Sales mix: definition, formulas and how to calculate it

Sales Mix
Topics
What is sales mix?
Why do companies need to understand their sales mix?
How to calculate sales mix to hit revenue goals
How to keep track of your sales mix
How to improve your sales mix
Final thoughts

Calculating sales mix helps your company determine the ratio of products or services it sells.

It’s a crucial exercise that helps you invest more resources and energy in the most profitable products and identify missed opportunities.

In this article, we’ll explain how to calculate, track and improve your sales mix simply and accurately to become more profitable.


What is sales mix?

For companies with multiple products, sales mix calculations determine the proportion of each product sold. Depending on your calculations, sales mix can help you determine the most to least profitable product and whether you sell enough of each to reach your sales targets.

If a company sells 100 units of Product A and 200 units of Product B, the basic sales mix is 33.33% of Product A and 66.67% of Product B. You could also say the sales mix ratio is 1:2.

Companies use sales mix as a tool to maximize profitability and ensure they allocate resources to the right products.

Suppose you run a B2B (business-to-business) model that sells five services. Sales mix calculations can help you determine:

  • How much revenue each service or product line brings in

  • How different actual sales were from budgeted estimations

  • How variable costs (e.g., materials or labor) have impacted sales

Using this information, you can understand whether you sell enough of each individual product or service to meet your revenue targets. You can also adjust your sales, marketing and pricing strategies to account for any disparities.

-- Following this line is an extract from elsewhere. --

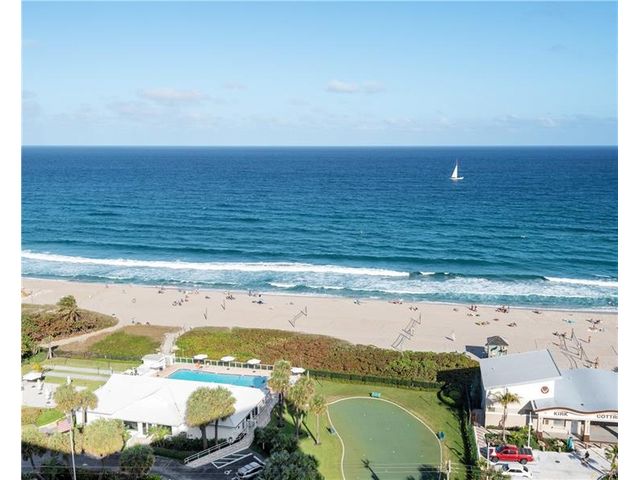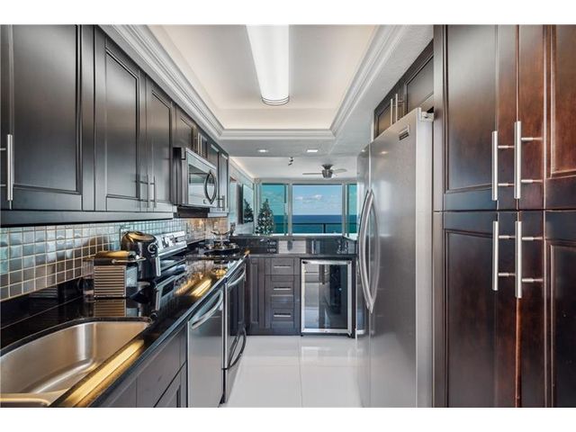 COME TO PARADISE! Gorgeous one-bedroom, 1.5-bath oceanfront condo with panoramic Atlantic views from every room. High-end finishes include granite countertops, porcelain tile floors, and top-of-the-line Frigidaire Gallery appliances. Interior highlights: dry bar, wine cooler, dual sinks, spacious walk-in closet, full-size washer/dryer, plus newer A/C and water heater. Building amenities feature a heated pool, BBQ area with dining, clubhouse, gym, direct beach access, and nearby Deerfield Beach International Pier. Ideally located near Boca Raton and within walking distance to supermarkets, restaurants and the boardwalk, this unit epitomizes luxury coastal living.

Why do companies need to understand their sales mix?

A company’s sales mix helps it understand which products or departments generate the most profit and whether its sales teams meet sales goals.

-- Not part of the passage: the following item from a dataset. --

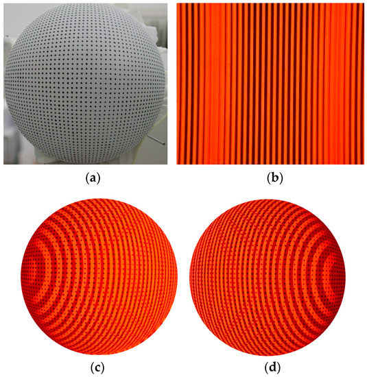 The moiré data were processed as described in [34], and the corresponding displacement fields were taken as the target for evaluating the performance of the one-shot projection moiré setup utilized in this study. The images in Figure 5 recorded by the two-projectors IMPM setup for the inflated membrane refer to the following: the printed dot grating (Figure 5a); the projected gratings by left and right projectors (Figure 5c,d); and the central region of the projected line patterns (Figure 5b). In Figure 5b, the high-frequency lines correspond to projected vertical lines by the two projectors, while the low-frequency fringes are produced by the interfering wave fronts originating from the two projectors.

Every company has limited time to create, market and sell products, so making smart decisions and focusing on the right products can make you more money.

Let’s say you produce and sell two types of bespoke office furniture. You’re in a competitive market with only a small team, so you must optimize every hour.

Your two products are:

  • Product A: High-end ergonomic chairs designed for maximum comfort and support during long working hours

  • Product B: Customizable modular desks that customers can easily reconfigure for any space

Your ergonomic office chairs comprise 33% of your total sales mix and 45% of your revenue. Your more popular modular desks are 67% of your sales mix and 55% of your revenue.

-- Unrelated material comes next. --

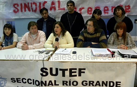 Dirigentes de la seccional Río Grande del SUTEF dieron una conferencia de prensa para expresar el repudio y el rechazo a la posición adoptada por la Conducción provincial en cuanto a la interpretación de la prorroga de mandatos.

Your ergonomic office chairs have a higher profit margin. However, they’re also more complex and time-intensive to make. Your modular desks have a lower production time per unit.

Calculating the sales mix shows that you don’t always need to sell more of your most expensive products to become more profitable. Instead, it can direct your sales team’s focus to the right products.

Sales mix information helps business owners and leaders visualize and more accurately assign future budgets and resources to products that positively impact their bottom line.

Sales mix: How Pipedrive can help visualize products that impact the bottom line


For larger businesses with expansive product lines, the number of units to sell to make a profit may constantly change depending on internal updates (e.g., product innovation) and external factors (e.g., seasonal trends).

Constant fluctuations like these make it even more crucial to assess your sales mix regularly, such as quarterly, to ensure accuracy. If you have a lot of products, you may need to calculate your sales mix monthly or even weekly.

How to calculate sales mix to hit revenue goals

To calculate sales mix more accurately, you need to understand profit margins, contribution margins and positive and negative variance.

Let’s break down each of these calculations.

Note: Use the formulas below as a sales mix calculator to create benchmarks unique to your business that your sales team can work to improve on.


Profit margin formula

Before calculating the sales mix, you need to understand each product’s profit margin – each product’s profit divided by its sale price. After deducting costs from the sale, the final percentage represents what your company makes.

You can calculate profit margin with this formula:

(sale price − cost to company) ÷ sale price × 100 = profit margin


Here’s what that looks like in an example.

  • Sale price: $100

  • Cost to company: $20

  • Profit: $80 (100 − 20 = 80)

  • Profit margin: 80% (80 ÷ 100 × 100)

(100 − 20) ÷ 100 × 100 = 80% profit margin


Do this calculation for each of your products and compare your figures.

Suppose you sell five products, and Product C has the highest profit margin. In that case, you might set a target of selling 10 Product Cs across the team and five each of Product A, B, D and E.

Products with higher margins bring in more profit for your business, so selling more of those will mean a more profitable mix. You can compare your percentages here for a rough idea of your sales mix.

You can also take this process further to get deeper insights.

Sales mix formulas: volume and revenue

Once we know each product’s profit margin, we can lay out our metrics to calculate your volume and revenue sales mixes. Let’s revisit our bespoke office furniture example over a monthly period.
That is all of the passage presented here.